Firefighting is physical, stressful and tough.
Through all of it, South Metro Fire Rescue Assistant Chief of Operations Troy Jackson keeps the mood light. He’s seen a lot of fires in his nearly 30 years career with SMFR.
“We're doing everything we can do to get our people to go home safely,” he said.
He knows the honor behind wearing dirty gear.
“We wore that as a badge of courage,” Jackson said.
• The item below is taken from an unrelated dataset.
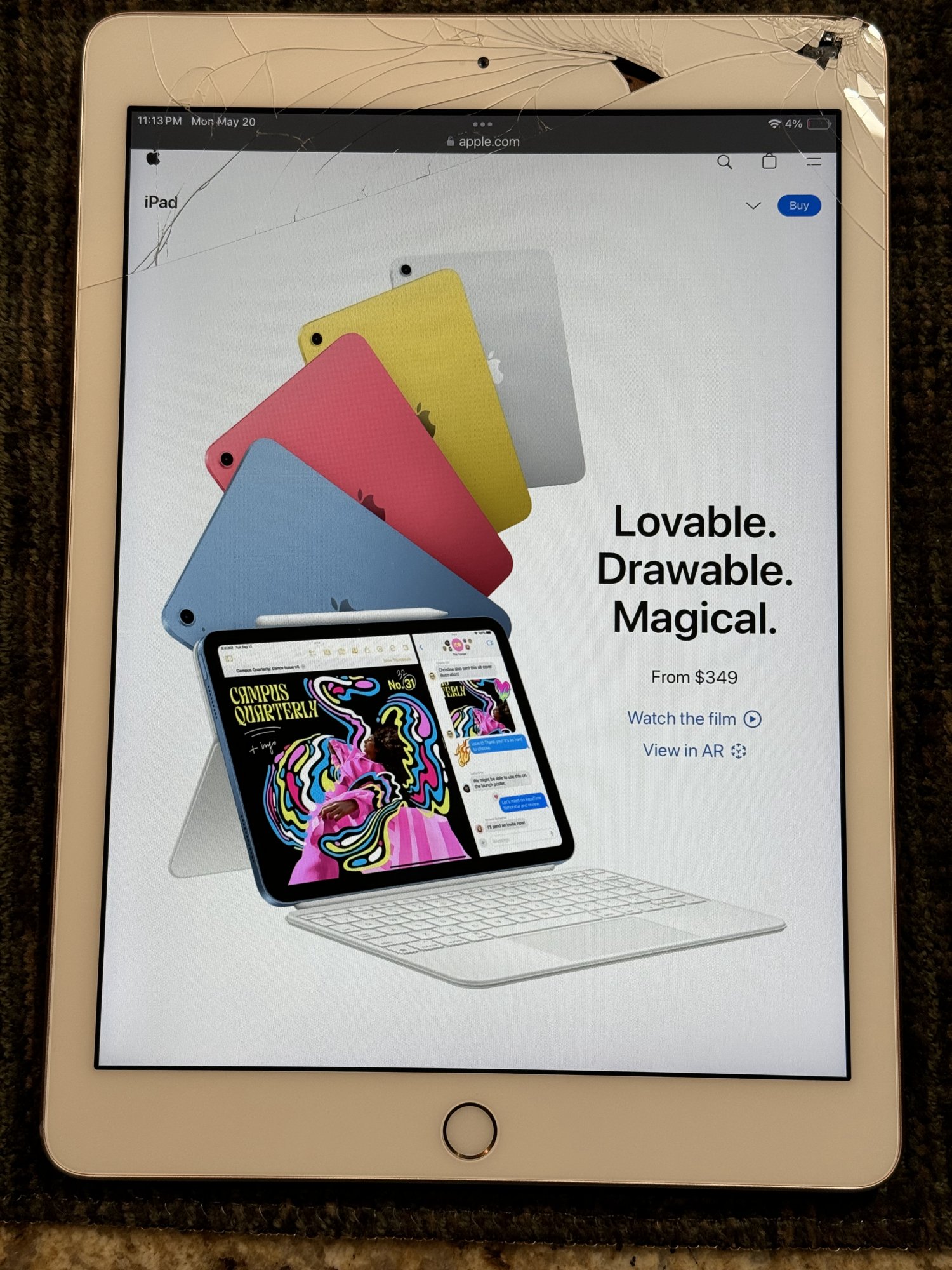 Move the timeline back to January 2019. I now purchase a 128GB, “rose gold” sixth generation iPad from the Apple Store refurbished section. Honestly, it was mostly for the latest(-ish) performance, although, now having a Retina-level resolution display, a thinner and lighter build, plus faster unlock with Touch ID were nice. Sadly and self-loathing annoyingly, about a year or so ago, the iPad flipped from my hands, landing corner first on a tile floor. I am still using this iPad about half the time, however, I will be retiring (i.e., Best Buy electronics recycling) in a month or so. If you dare look at the attached photo, the iPad definitely is no longer pretty but everything technically works, including the FaceTime camera and the entire digitizer. The continued use has extended the spidering cracks damage.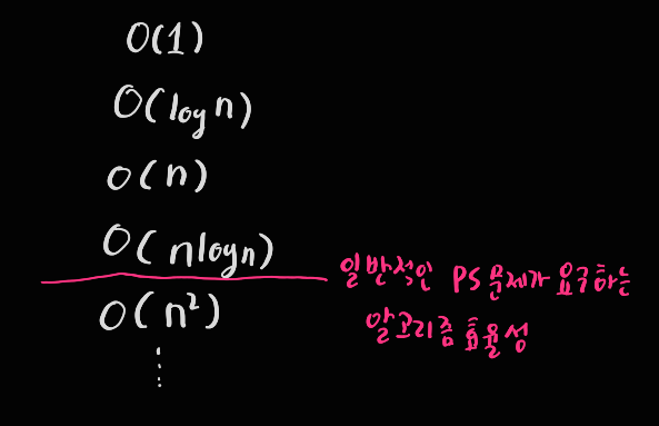 보통 O(n2) 을 넘어가면 수행 시간이 급격하게 증가하기에 대부분의 PS 문제에서 요구하는 효율성은 O(nlogn) 이하이며 해당 시간복잡도를 넘은 솔루션을 구현하면 정확성을 다 통과하더라도 절반 이하로 점수를 받게 된다. 따라서 문제를 해결할 수 있는 열쇠가 될 대표적인 알고리즘을 숙지하고 있어야하며 전공 이수과정 및 PS 에서 자주 출현하는 알고리즘들은 다음과 같다.

Their new protocol is straightforward, including washing off right after a fire, change out of dirty gear right away to stop carcinogens from the smoke and exhaust from their trucks form settling into their skin.
“The most important change we are seeing today is awareness,” Jackson said.
It’s a training to reverse a difficult pattern. Fifteen South Metro firefighters are currently battling cancer, matching the national trend.
“Anytime you learn, you wish you learned that lesson earlier in life. We're maturing as a fire service,”Jackson said.
It's a lesson he wishes he’d learned years ago for the sake of his co-workers and for himself.
“Having cancer gives you patience,” he said, waiting for a CAT scan at UCHealth.
For a man who’s made a career out of beating the clock, the chief now starts his week sitting, waiting and joking.
He was diagnosed with adenoid cystic carcinoma five years ago when doctors found the first tumor in his trachea. He’s endured chemo, radiation, surgeries and a whole lot of needles.
“The doctors know I will die from this cancer. What that timeline looks like for me is a little hard to say. We hope that I get lucky that it will be further out into the future. Most likely I won't live past another 10 to 15 years,” he said.
The chief said it’s obvious his cancer is from firefighting because it’s so rare and started in his airways.
“If I could go back and do it all over, I wish we knew the impact carcinogen would have on us during our career. I wish that we knew that walking around with dirty filthy gear was not good for us and having it in the station and on the rigs,” Jackson said.
Cancer risks for firefighters weren't well-studied until the last few years.
The National Institute of Occupational Safety and Health recently did two studies and concluded firefighters face a 9 percent increase in cancer diagnoses and a 14 percent increase in cancer-related deaths compared to the general U.S. population.
A battle their families are also facing.
Troy Jackson and his wife Lori are high school sweethearts. They and their kids make it a point to always look forward while only occasionally looking back.
“I probably call the old phone once a month just to hear it,” Lori said.
She does it to hear her husband’s old voice. It was permanently changed when surgeons took out 3 inches of his trachea.
The chief and Lori looked into their future when fellow firefighter Mike Freeman died from brain cancer last year. The chief handed Freeman’s family a flag, knowing one day someone will have to hand one to his.
“You don't know how much longer you have to be with each other,” he said sitting next to his wife.
The chief and his wife are turning the time they have left and what’s been handed them into the chief’s new legacy.
“Everyone wants to live forever. More importantly, while you are here you want to have an impact and I feel like I'm having an impact,” Jackson said.
His new badge of honor is keeping people healthy. A badge of courage he’s happy to bear.
“Even if I only help one person not go through chemo and radiation and live through a cancer diagnosis, I'm ahead of the game,” he said.